Durante a segunda Sessão Plenária da Sexta Conferência Internacional de Tóquio sobre o Desenvolvimento Africano, a 28 deste mês, que decorreu na capital do Quénia, primeiro-ministro do Japão, Shinzo Abe, afirmou que os pontos fortes das empresas japonesas como alto grau de qualidade do produto e capacidade de desenvolver recursos humanos qualificados através da formação profissional podem contribuir para resolução das questões de desenvolvimento africano
.
Entretanto, Shinzo Abe, sublinhou a necessidade de haver o bom fluxo para dentro e fora de pessoas e bens, convista eliminar o excesso de regulamentação e avançar no desenvolvimento do quadro legal necessário e assegurando o seu uso constante. “O Japão não vai poupar esforços em fornecer a cooperação necessária para tornar isso uma realidade.”

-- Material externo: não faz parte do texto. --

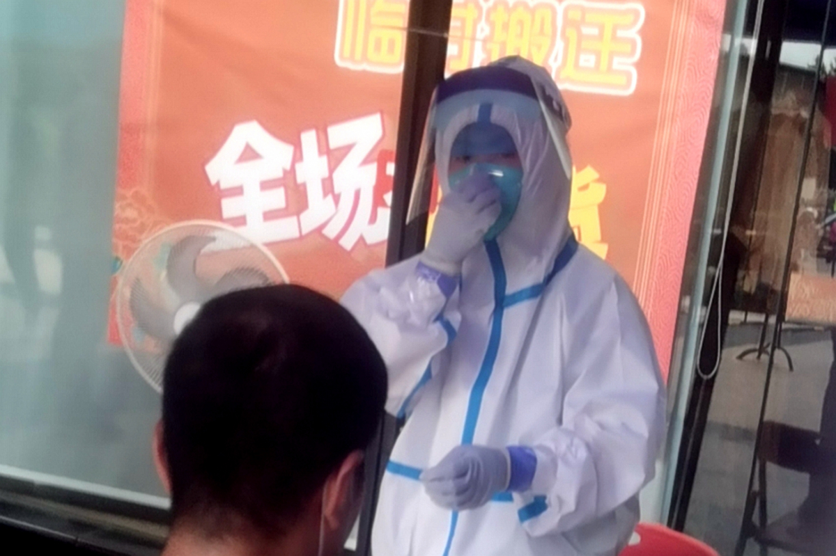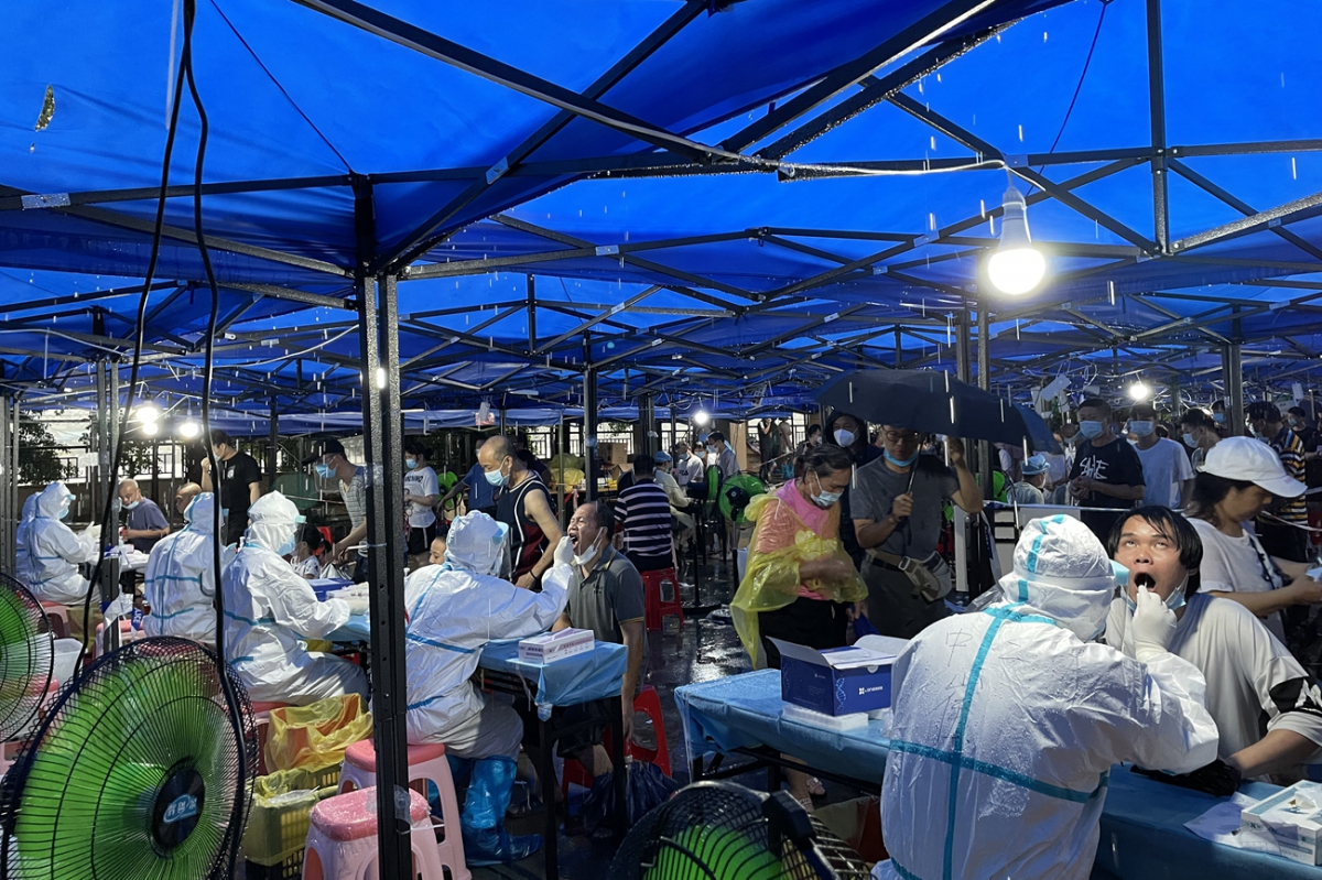 医疗队队员在雨中坚守,为群众进行核酸采样

Foi enfatizado, a promoção de acordos fiscais com países individuais a partir da perspectiva de promover ainda mais o investimento bilateral e os intercâmbios económicos com os países africanos.

O dignitário realçou a importância passar a utilizar métodos mais eficazes. “Ao invés de realizar debates com os países africanos individuais como fizemos no passado, vamos envolver-se em discussões sobre planos, políticas e medidas que contribuirão para o desenvolvimento económico regional mais ampla, levando a actividades de negócios cada vez mais vibrantes e investimentos de empresas japonesas.”

Além disso, será lançado “Fórum Económico Japão-África Público e Privado”, onde representantes ministeriais japoneses e altos executivos de importantes associações empresariais e empresas irão visitar a África uma vez a cada três anos para se reunir com os seus homólogos, para identificar problemas do ponto de vista dos negócios reunindo o poder dos sectores público e privado, de modos permitir que as empresas japonesas e africanas para fazerem mais negócios.

A parceria entre Japão e países africanos culminou também em acordos de investimentos não só com o Quénia mas recentemente chegou-se a um acordo com a Costa do Marfim para lançar negociações sobre acordos bilaterais de investimento.